Conventional background modelling methods include single Gaussian distribution [23], Mixture of Gaussian [7, 21], and their variations, VIBE [2] and fuzzy concepts based methods [3]. However, these methods model the background for each pixel independently and lack of the relations between the consecutive frames, thus they are very sensitive to noises and occlusions.

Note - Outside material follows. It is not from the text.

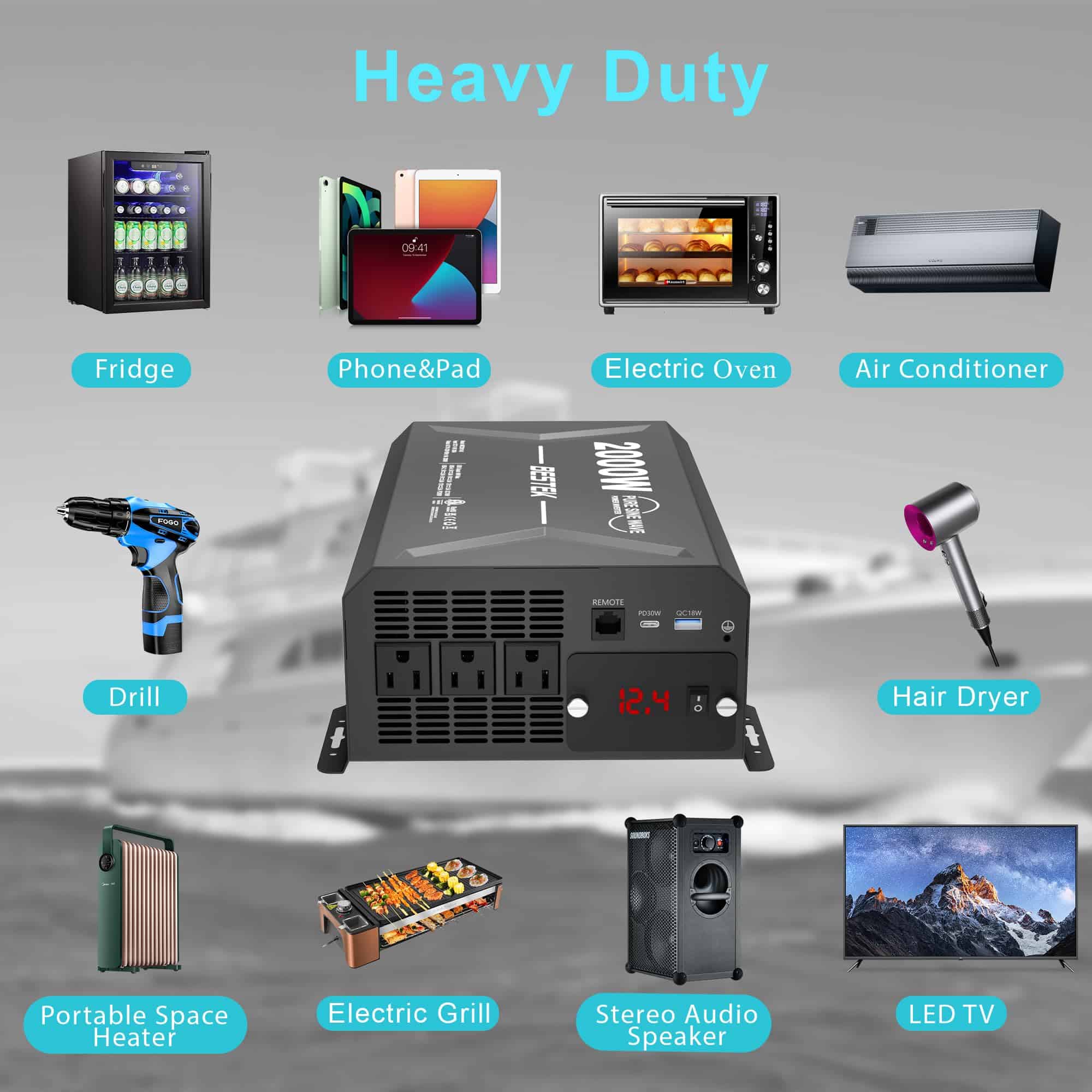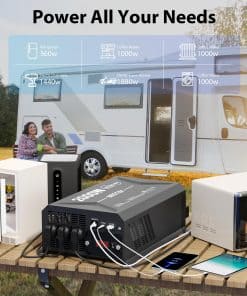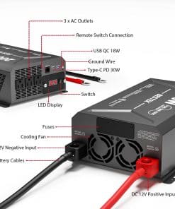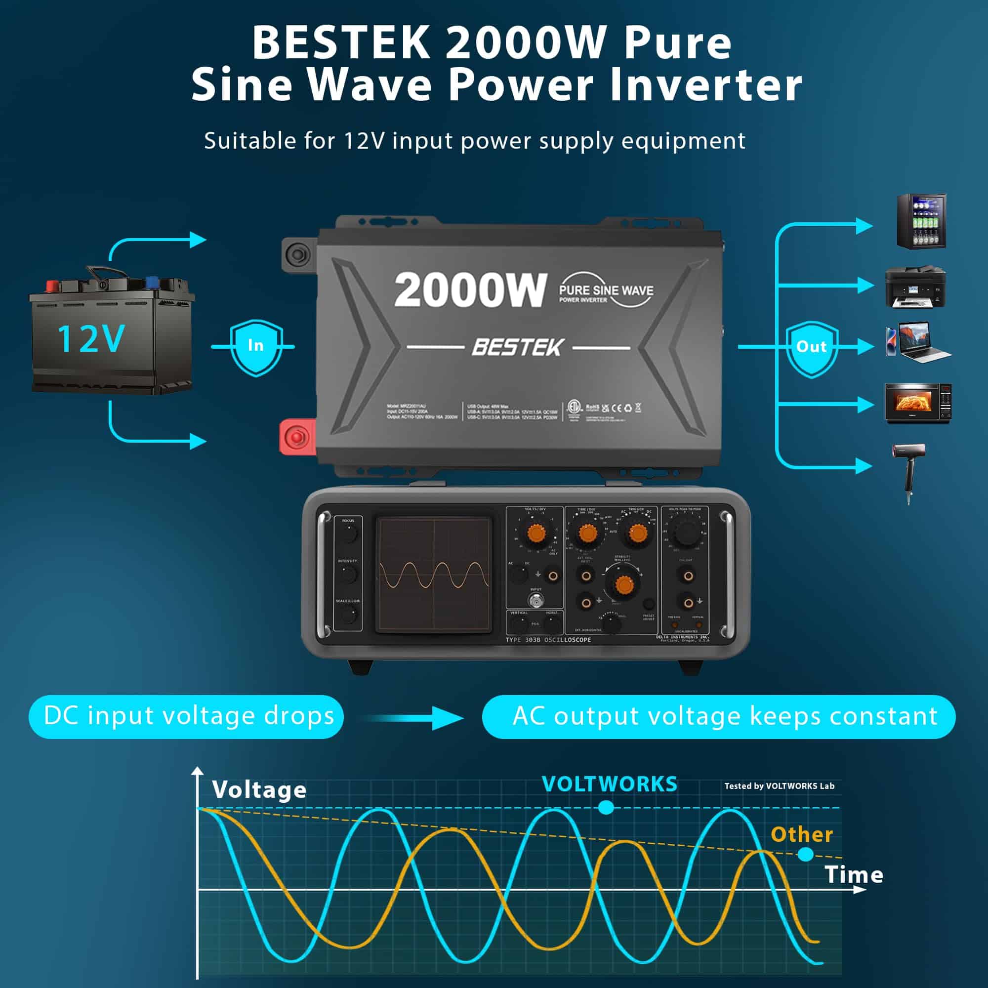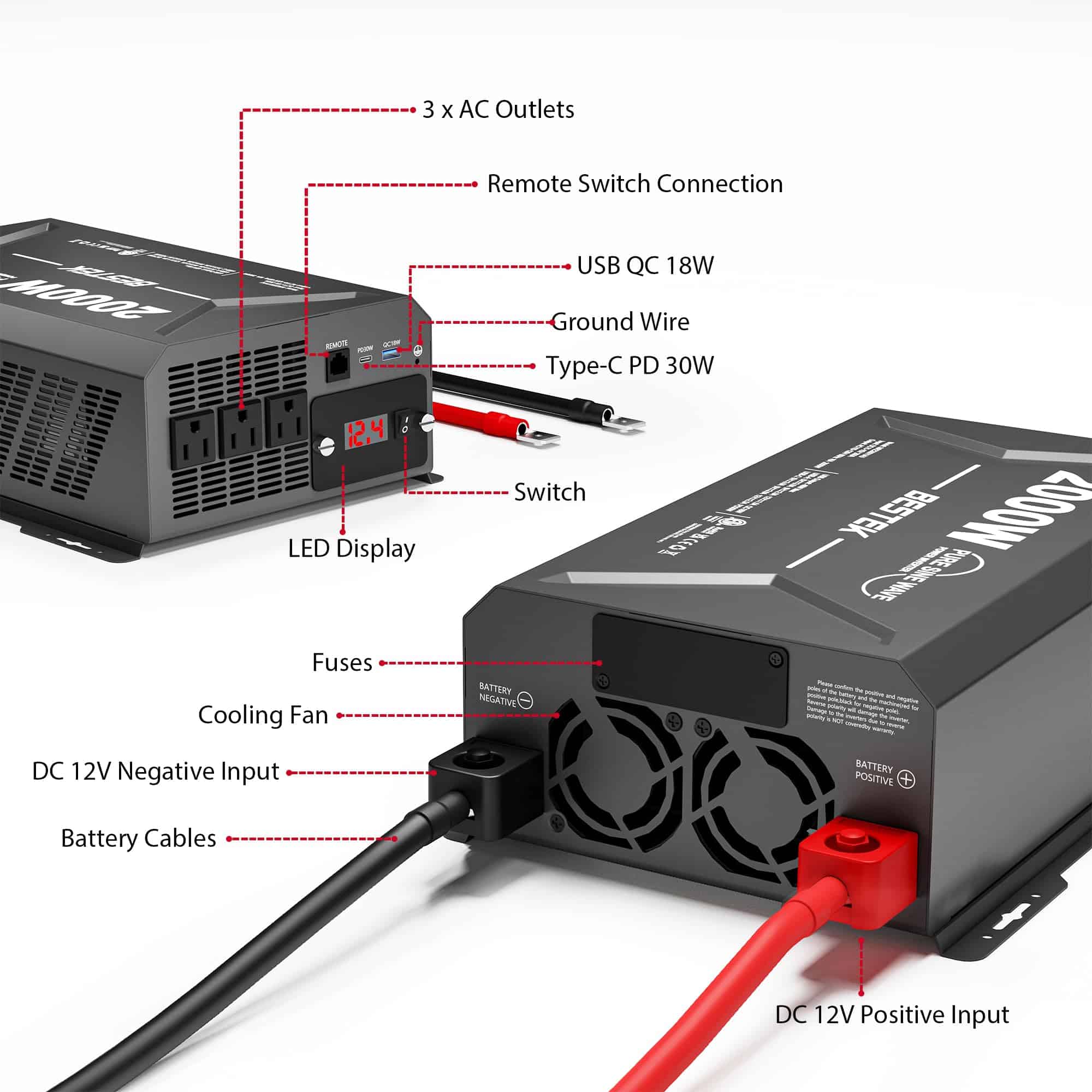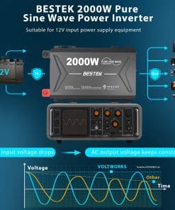 El inversor de corriente de onda sinusoidal pura de 2000 vatios de BESTEK convierte la corriente continua de 12V DC en corriente alterna de 110V/120V AC con una potencia máxima de 4000 vatios, ideal para uso en sistemas fuera de la red como en vehículos recreativos, camiones semirremolque, vehículos marinos y más. Con su forma de onda de salida similar a la de la red eléctrica convencional, se garantiza un suministro de energía sin interrupciones para equipos electrónicos sensibles. Además, cuenta con múltiples salidas, incluidas 3 tomas de corriente estándar de EE. UU., así como puertos de carga rápida USB-A (QC18W) y Tipo-C (PD30W) para satisfacer todas sus necesidades de energía.

Recently, the low-rank and sparse separation framework has emerged by decomposing the video sequence into low-rank background and sparse foregrounds (moving objects). One pioneering work is Robust Principal Component Analysis (RPCA) [12, 14, 22], which decomposes a given matrix/frames into a low-rank background matrix and sparse foreground matrix. Candès et al. [6] proposed to recover the low-rank and sparse components individually by solving a convenient convex program called Principal Component Pursuit (PCP). Zhou et al. [27] proposed to handle both small entrywise noises and gross sparse errors. Dou et al. [10] proposed a incremental learning based LRR model using K-SVD for dictionary learning. Zhou et al. [26] proposed to relax the requirement of sparse and random distribution of corruption by preserving \(l_0\)-penalty and modeling the spatial contiguity of the sequence. In order to enforce the appearance consistency onto the spatial neighboring relationship, Xin et al. [24] introduced the intensity similarities to the neighboring pixels via regularization terms for both the foreground and background matrices. However, these methods constructed the graph only based on pixel level which ignored the spatial compactness. Recently, Javed et al. [11] proposed a superpixel-based online matrix decomposition method which separate the low-rank background and sparse foregrounds on the superpixel level. However, the performance may excessively rely on the superpixel prior which often produces unfaithful segmentation.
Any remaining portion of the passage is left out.